Я постучал в дверь, и моим костяшкам она показалась свинцовой. Солдат, ее открывший, секунду разглядывал меня, точно мое явление удивило его. Я сказал, что мне назначена встреча, и он впустил меня и направил вверх по лестнице, обшитой панелями красного дерева, мимо распахнутой двери в кабинет, где толпились высокие книжные шкафы. Справа деревянная табличка на закрытой двери гласила:
ВРАЧЕБНЫЙ КАБИНЕТ
ПРИЕМНАЯ
Взбираясь по ступенькам, я распознал едкие миазмы, словно воспарявшие от плюшевого ковра. Стремившись к лестничной площадке, я почти не дышал. Оттуда я разглядел обшитый деревом коридор и шесть дверей. Из одной выступила медсестра; жестоколицая женщина с колообразным телом, что крепилось налево. В отличие от солдата, медсестра не удивилась.
— У вас ровно час, — сказала она. — Он и помирать отказывается, потому как с вами хотел поговорить. — Она протиснулась мимо меня (такое тело создано, чтобы протискиваться) вниз по лестнице. Я включил диктофон и направился в комнату, откуда вышла медсестра.
Доктор Рэнкин восседал на кровати под балдахином. Вся комната — сплошное красное дерево. Единственное окно заперто накрепко; тепло, пахнет сильно и прогоркло. На тумбочке под лампой я увидел экземпляр рукописи Айкена, а на ней очки-полумесяцы в серебряной оправе.
Доброе утро, — сказала я, поскольку он меня не заметил. — Доктор Рэнкин?
Он поднял голову и улыбнулся:
— И вам доброе утро, какашка куриная.
Меня такое приветствие от совершеннейшего незнакомца изумило — а кого бы не изумило? Впрочем, комиссар Блэр предупредил меня, что таким вот образом подействовал на эскулапа яд: доктор Рэнкин пересыпал свои тирады детской руганью, о чем, судя по всему, сам и понятия не имел.

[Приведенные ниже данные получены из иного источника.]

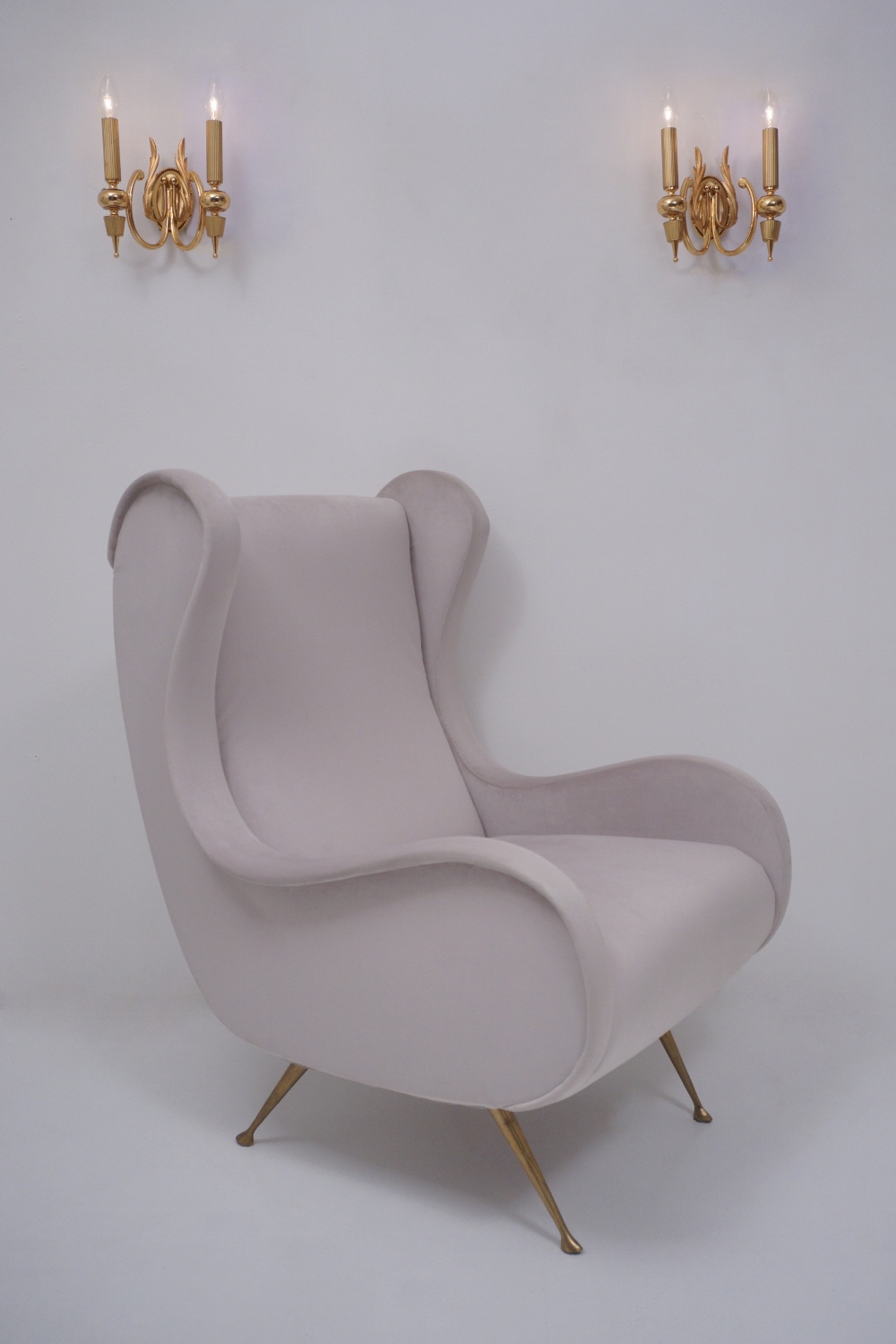 At the centre of each frame there is a cartouche oval body in gilt brass satin finish with a beaded trim in polished finish.

Поэтому я смолчал, лишь пригляделся внимательнее. Маленькая голова, волосы отливают сталью и густы для человека, которому уже за семьдесят. Черная пижама — кажется, шелковая.
— Я бы предложил вам стаканчик чего-нибудь, горшок зассанный; но у меня больше нет служанки. Умерла на той неделе. — Голос его был тонок, но полон сил; улыбаясь, доктор скалил зубы, желтые, как и глаза.

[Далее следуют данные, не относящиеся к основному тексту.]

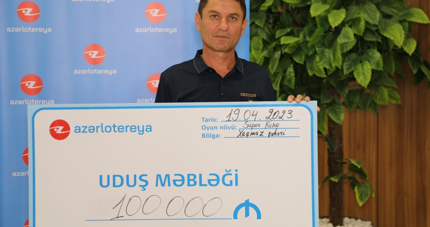 Ölkənin qanuni və yeganə lotereya təşkilatçısı "Azərlotereya” ASC-də növbəti böyük uduş qazanılıb. "Super Keno" lotereyasının 23163 nömrəli tirajında 100 000 manat udulub.

Интересно, отчего Айкен так перед ним трепетал. Кем бы ни был доктор Рэнкин прежде, ныне это лишь умирающий человечек.
— Вы говорили с остальными, да, клизма давленая? Думаете, всё на свете стали понимать? — Его язык высуггулся из крошечного рта, и я представил себе затычку в сливе бочки. — А если я вам скажу, что ничего-то вы и не поняли, дятел безмозглый?
Оскорбления эти по большей части излагались предельно вежливо. Но теперь беседа сменила направление, точно краб попятился, и голос стал резче — впрочем, этого не скажешь о лексиконе.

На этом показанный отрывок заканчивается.